*Assigned task*: After finding the line containing "- test.csv:预测集" below, please output that line and each following one through the line containing "반납은 반납함을 이용해주세요.", exactly as written.

*Given data*:
________________________

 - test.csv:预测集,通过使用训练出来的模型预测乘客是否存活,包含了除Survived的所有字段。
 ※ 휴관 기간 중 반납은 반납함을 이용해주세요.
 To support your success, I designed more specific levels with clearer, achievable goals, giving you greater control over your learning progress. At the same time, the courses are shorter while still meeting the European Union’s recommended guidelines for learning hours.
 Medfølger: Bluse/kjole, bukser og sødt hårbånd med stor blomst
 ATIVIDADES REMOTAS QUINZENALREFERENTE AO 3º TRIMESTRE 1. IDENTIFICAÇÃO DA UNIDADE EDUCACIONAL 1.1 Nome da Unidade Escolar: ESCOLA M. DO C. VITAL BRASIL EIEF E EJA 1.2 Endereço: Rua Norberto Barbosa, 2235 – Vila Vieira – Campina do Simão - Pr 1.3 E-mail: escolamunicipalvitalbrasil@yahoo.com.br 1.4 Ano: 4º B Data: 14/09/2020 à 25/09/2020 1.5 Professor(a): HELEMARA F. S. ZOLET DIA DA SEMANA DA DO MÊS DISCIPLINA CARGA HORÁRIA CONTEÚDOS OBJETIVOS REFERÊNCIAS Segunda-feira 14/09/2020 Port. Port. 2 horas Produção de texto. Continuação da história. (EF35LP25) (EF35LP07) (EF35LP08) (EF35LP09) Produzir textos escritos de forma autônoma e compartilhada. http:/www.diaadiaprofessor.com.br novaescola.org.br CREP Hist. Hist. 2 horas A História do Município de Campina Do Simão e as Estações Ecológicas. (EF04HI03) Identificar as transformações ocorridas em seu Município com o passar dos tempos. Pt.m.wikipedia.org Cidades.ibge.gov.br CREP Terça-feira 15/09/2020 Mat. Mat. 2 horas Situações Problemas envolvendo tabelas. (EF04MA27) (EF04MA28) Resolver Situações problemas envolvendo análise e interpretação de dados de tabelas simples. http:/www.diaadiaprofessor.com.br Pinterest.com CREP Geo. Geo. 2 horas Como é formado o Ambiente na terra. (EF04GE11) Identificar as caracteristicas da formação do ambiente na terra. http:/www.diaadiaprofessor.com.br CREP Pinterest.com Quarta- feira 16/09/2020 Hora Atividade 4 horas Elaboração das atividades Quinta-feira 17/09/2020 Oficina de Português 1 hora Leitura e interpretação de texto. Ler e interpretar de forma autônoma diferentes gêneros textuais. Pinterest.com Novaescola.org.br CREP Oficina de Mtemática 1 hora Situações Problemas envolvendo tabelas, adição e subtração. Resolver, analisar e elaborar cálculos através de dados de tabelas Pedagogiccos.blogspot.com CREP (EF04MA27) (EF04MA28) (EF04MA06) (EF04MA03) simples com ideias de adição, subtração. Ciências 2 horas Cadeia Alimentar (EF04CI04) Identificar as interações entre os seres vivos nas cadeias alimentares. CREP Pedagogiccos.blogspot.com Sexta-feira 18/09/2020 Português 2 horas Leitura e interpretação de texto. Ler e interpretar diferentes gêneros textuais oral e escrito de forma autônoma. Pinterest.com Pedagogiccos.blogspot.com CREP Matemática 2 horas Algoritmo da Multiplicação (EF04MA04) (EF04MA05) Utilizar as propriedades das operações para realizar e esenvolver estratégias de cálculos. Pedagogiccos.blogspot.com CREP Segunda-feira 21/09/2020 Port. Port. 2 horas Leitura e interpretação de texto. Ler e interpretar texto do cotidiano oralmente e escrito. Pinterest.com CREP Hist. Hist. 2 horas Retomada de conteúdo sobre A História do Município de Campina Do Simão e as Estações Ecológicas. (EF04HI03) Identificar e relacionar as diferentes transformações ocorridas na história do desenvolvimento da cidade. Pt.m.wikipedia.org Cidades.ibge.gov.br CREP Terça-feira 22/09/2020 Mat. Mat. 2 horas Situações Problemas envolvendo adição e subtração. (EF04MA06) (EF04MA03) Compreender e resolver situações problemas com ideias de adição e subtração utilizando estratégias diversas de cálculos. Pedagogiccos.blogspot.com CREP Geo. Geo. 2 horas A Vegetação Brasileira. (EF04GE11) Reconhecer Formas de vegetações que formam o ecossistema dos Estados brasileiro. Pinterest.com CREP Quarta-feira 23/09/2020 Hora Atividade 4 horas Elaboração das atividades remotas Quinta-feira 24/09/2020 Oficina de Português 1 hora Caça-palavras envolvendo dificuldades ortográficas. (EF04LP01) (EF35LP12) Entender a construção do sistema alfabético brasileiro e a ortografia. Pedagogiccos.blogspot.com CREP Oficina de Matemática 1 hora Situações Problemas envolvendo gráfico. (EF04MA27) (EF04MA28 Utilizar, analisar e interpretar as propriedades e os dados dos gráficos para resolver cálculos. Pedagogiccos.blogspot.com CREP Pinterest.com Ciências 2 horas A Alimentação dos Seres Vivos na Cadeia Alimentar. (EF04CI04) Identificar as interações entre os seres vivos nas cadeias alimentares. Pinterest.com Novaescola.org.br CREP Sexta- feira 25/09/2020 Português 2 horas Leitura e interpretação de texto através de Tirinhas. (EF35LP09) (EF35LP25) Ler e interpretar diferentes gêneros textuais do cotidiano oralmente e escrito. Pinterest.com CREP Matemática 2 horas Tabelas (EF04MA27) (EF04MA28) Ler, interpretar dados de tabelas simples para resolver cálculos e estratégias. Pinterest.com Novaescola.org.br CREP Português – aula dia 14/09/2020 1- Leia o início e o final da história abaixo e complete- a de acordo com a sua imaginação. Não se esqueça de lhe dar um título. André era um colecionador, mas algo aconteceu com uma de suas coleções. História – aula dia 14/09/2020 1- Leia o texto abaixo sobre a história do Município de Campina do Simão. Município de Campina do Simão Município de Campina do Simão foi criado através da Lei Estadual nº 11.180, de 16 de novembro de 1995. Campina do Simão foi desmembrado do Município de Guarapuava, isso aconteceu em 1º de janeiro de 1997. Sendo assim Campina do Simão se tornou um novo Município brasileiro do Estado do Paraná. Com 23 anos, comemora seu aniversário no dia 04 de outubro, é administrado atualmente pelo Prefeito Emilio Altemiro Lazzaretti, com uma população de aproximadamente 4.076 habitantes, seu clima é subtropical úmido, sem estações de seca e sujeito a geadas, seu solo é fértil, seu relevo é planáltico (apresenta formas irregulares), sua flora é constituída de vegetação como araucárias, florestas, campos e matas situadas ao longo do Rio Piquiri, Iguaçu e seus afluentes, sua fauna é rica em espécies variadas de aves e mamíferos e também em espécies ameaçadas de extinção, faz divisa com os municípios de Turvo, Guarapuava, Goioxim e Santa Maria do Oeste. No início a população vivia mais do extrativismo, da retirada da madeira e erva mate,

________________________

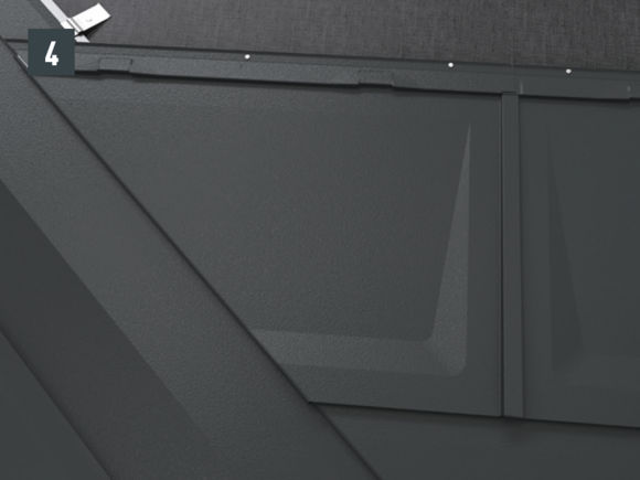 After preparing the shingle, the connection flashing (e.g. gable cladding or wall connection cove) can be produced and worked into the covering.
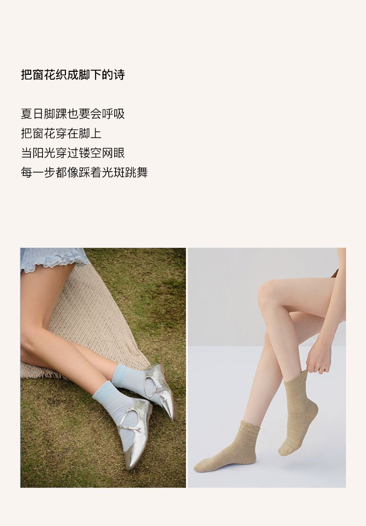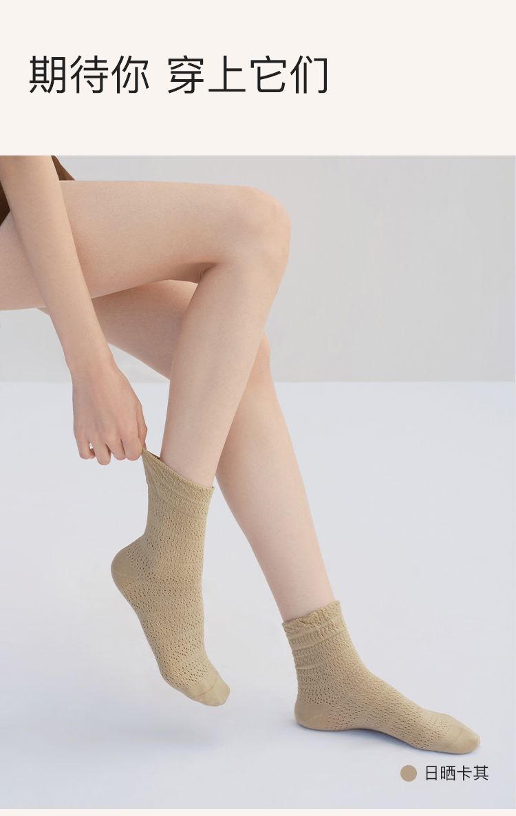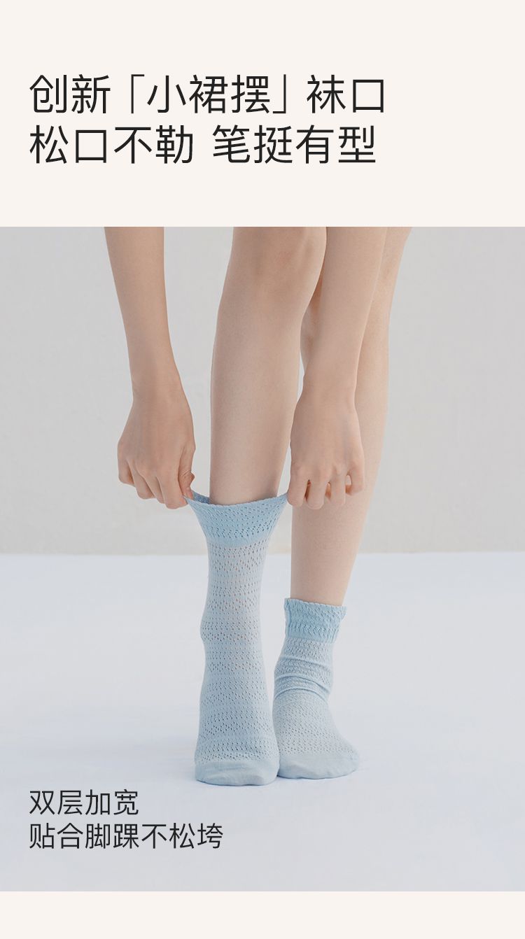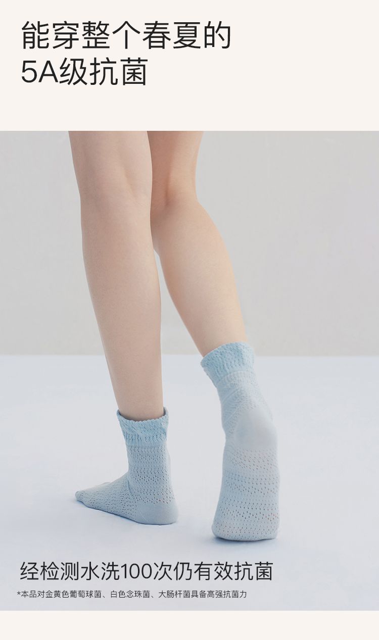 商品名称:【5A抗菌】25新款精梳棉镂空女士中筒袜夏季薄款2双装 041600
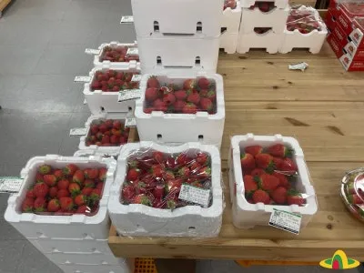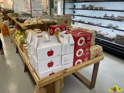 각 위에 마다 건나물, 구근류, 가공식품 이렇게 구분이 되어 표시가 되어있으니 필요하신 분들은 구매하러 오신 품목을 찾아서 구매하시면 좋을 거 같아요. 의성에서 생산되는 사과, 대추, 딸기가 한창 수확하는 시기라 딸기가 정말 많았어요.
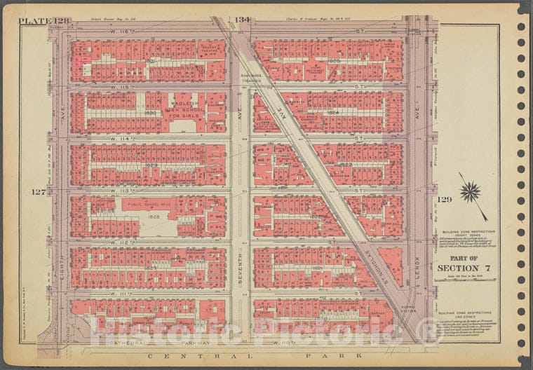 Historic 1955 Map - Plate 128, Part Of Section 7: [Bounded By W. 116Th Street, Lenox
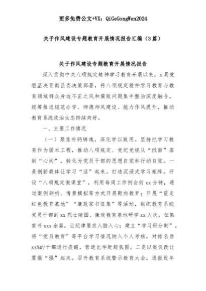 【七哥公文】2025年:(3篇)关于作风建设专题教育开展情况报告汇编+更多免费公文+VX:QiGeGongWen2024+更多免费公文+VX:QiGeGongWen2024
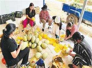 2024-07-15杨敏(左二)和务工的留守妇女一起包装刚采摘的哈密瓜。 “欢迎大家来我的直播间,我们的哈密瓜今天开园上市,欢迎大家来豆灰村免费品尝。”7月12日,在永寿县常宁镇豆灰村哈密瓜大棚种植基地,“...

________________________

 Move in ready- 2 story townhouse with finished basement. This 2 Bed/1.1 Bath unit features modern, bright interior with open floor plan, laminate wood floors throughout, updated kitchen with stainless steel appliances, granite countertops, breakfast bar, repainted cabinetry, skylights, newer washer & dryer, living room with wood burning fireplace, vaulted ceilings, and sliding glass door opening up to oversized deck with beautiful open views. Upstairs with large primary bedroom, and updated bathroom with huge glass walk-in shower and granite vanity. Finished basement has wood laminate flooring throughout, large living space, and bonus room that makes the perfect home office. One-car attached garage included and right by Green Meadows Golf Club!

________________________

*Task output*:
 - test.csv:预测集,通过使用训练出来的模型预测乘客是否存活,包含了除Survived的所有字段。
 ※ 휴관 기간 중 반납은 반납함을 이용해주세요.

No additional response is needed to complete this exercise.